7. Schedule time for the care and feeding of users
PracticeWorks’ Cizzozzi says, “The technical support world is one of relationships.” You don’t ever want to be in a situation where your boss is telling you that this relationship just isn’t working out.
Why should you do this? Because nobody wants their job — or their client — to break up with them. Not doing sufficient relationship maintenance now could lead to drastic financial triage later.
How do you do this? Cizzozzi admits this is tricky, since you have to strike a balance between the quality of your interactions with your users and how much time and money such relationship maintenance eats up. Like all good relationships, this one starts when both parties understand what’s expected of them, so ask how your users want you to spend your time, then work back from that. Their job is to dream beautiful dreams and your job is to say, “So, if you’d like me to support 100 users and upgrade 1,000 machines to a new OS, you will be paying more, right? Or shall we prioritize?”
All the subsequent maintenance goes into helping the customer get back to what they told you they wanted, leavened with a healthy dose of reality. It’s the equivalent of ending an awkward conversation with “Please don’t let me detain you. Good-bye.”

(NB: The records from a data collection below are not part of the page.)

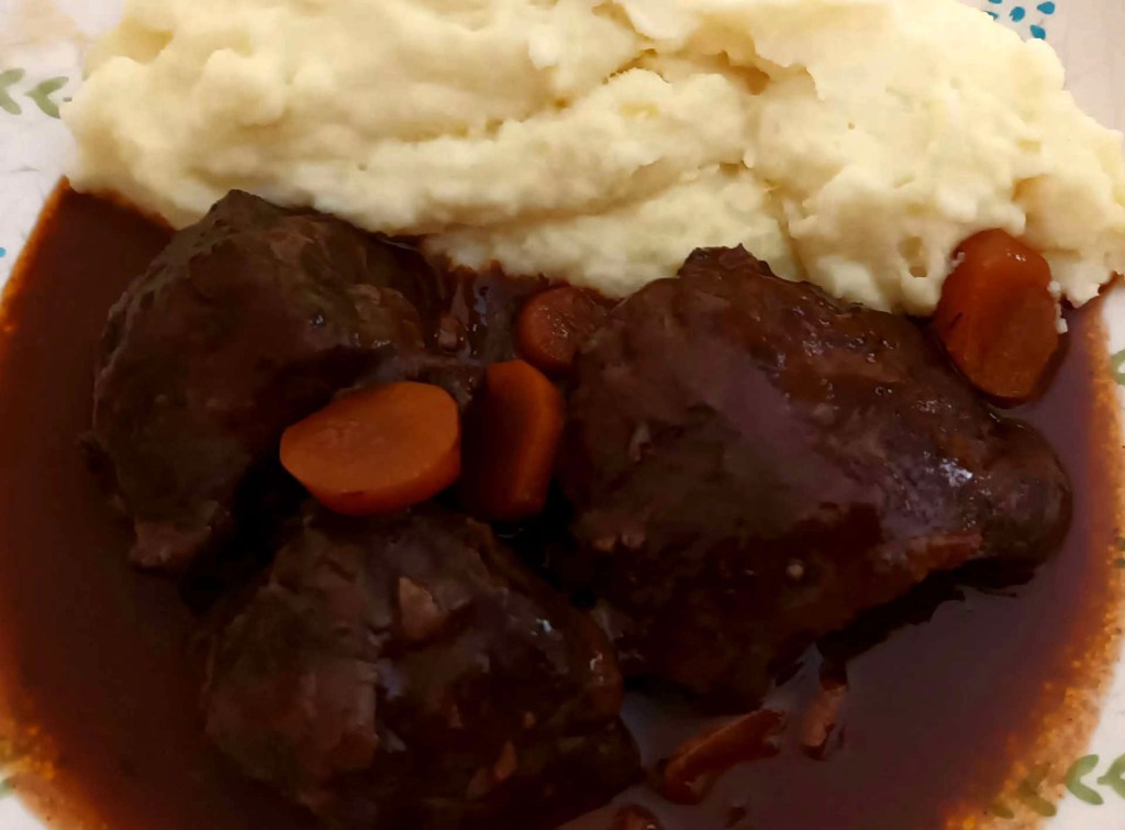 Añadimos las carrilleras y las doramos, echamos el vino y el caldo y, si es poco, un poco de agua. Las dejamos hacer hasta que estén tiernas, mejor en olla exprés o rápida. Por últimos añadimos el chocolate y dejamos que se derrita, y listo.
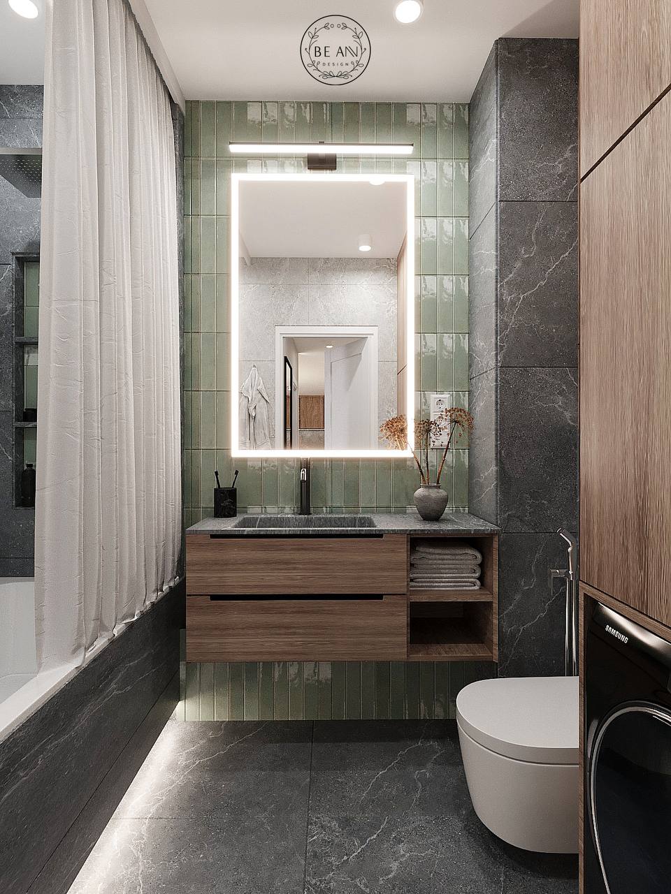 Łazienka utrzymana w szarych tonacjach z akcentową zieloną płytką za lustrem. Pralka została zabudowana w szafie, co pozwoliło uzyskać dodatkowe miejsce do przechowywania. Na niewielkiej powierzchni udało się funkcjonalnie pomieścić wszystkie najpotrzebniejsze elementy.
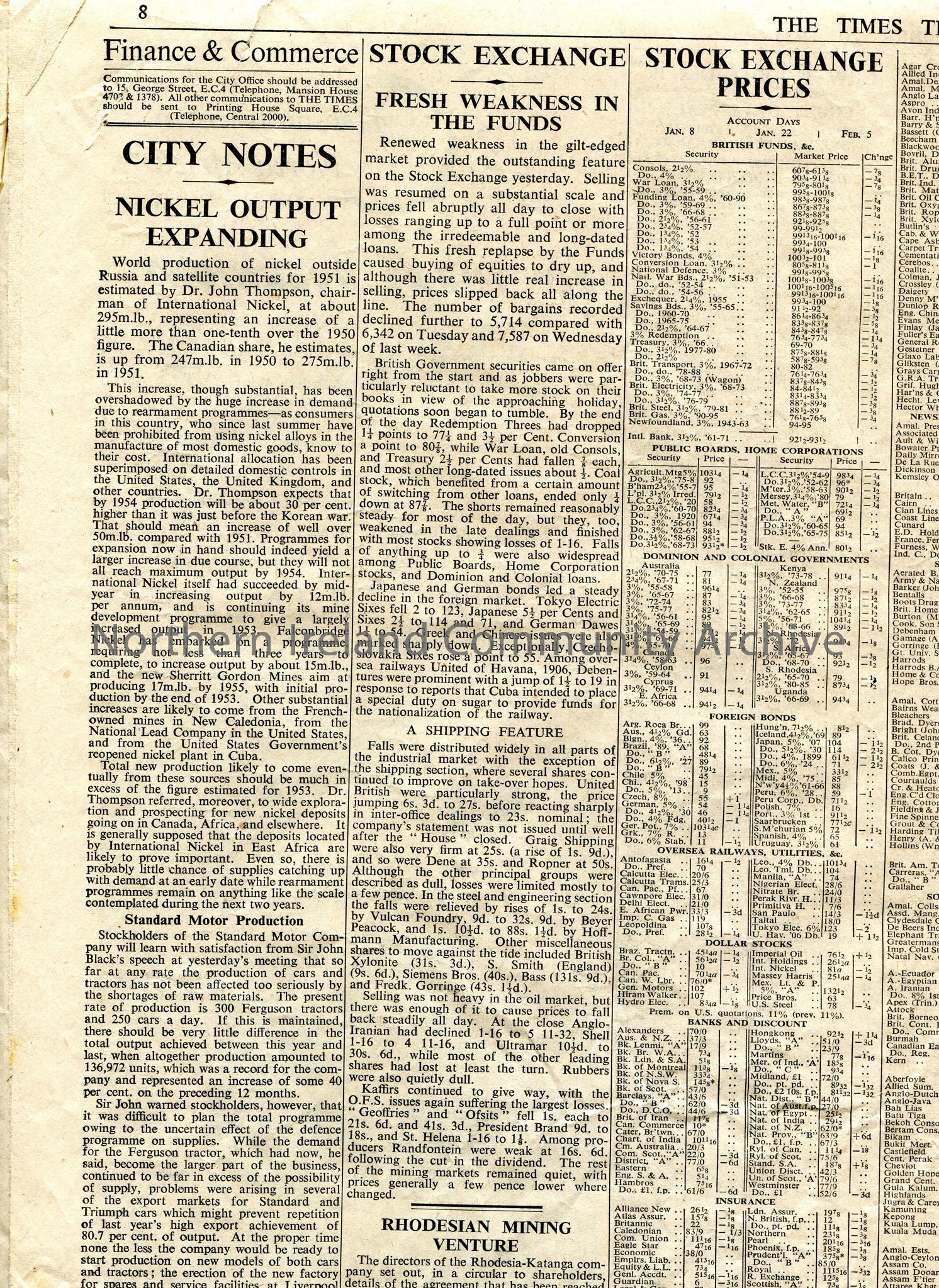 Page from ‘The Times’ newspaper. Dated Thursday 20th December, 1951. Articles re finance and commerce and sports news articles.
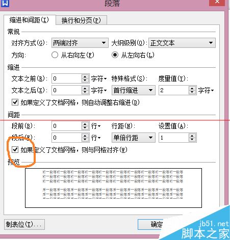 1、单倍行距又不一样的效果,这是我们的文档都设置了与网格对其的默认按钮,如下图所示
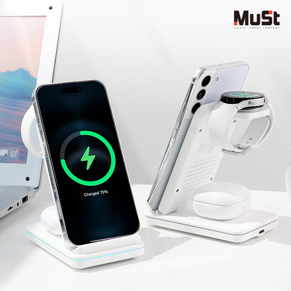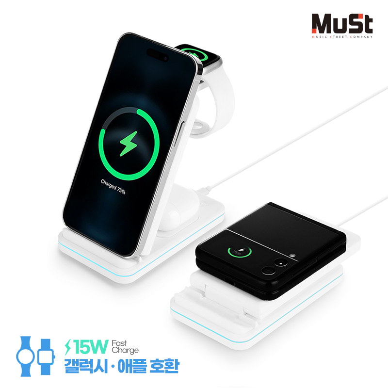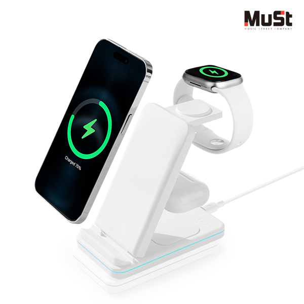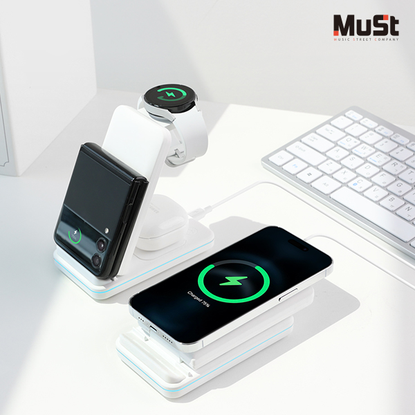 [뮤스트] 브릿지 3in1 접이식 고속무선충전기 (갤럭시/애플 기기호환)

What’s the likely payoff? Your customers — be they internal or external — will start thinking of you as the person who’s respectful of their time. And they won’t notice that the time you’re most respecting is your own.
8. Designate a departmental scapegoat
Think “Lord of the Flies” meets “Hackers.” Designate one or two people as your IT department’s public faces. They’ll be the ones who are dispatched to handle external customer demands and troubleshoot for panicky users. This way, the people in your department who shouldn’t be exposed to users can be kept safely away from them.
Why should you do this? Because you personally don’t want to deal with someone having a hissy over their e-mail. But you’ve got to find a good excuse for making someone else do your dirty work, so try this one: Dealing with the users enhances professional development. Or, as Cizzozzi says, “Using a person’s strengths benefits them personally and the department as a whole.”
How do you do this? Pay attention to which team members have a knack for soothing the savage. Once you’ve done the preliminary scouting among your IT team, find a way to reorganize the department so that your designated troubleshooters know what their duties include. Then be sure to pass the word around the company as to who the new IT heroes are.
What’s the likely payoff? For you, it keeps the users out of your hair. For the unlucky scapegoat, they get a chance to polish their instructional skills, find out what decisions within the company will affect them and their department, and generally become well-known — so much so that they might be layoff-proof. We’ll leave it to you to decide who in the department got the better end of the deal.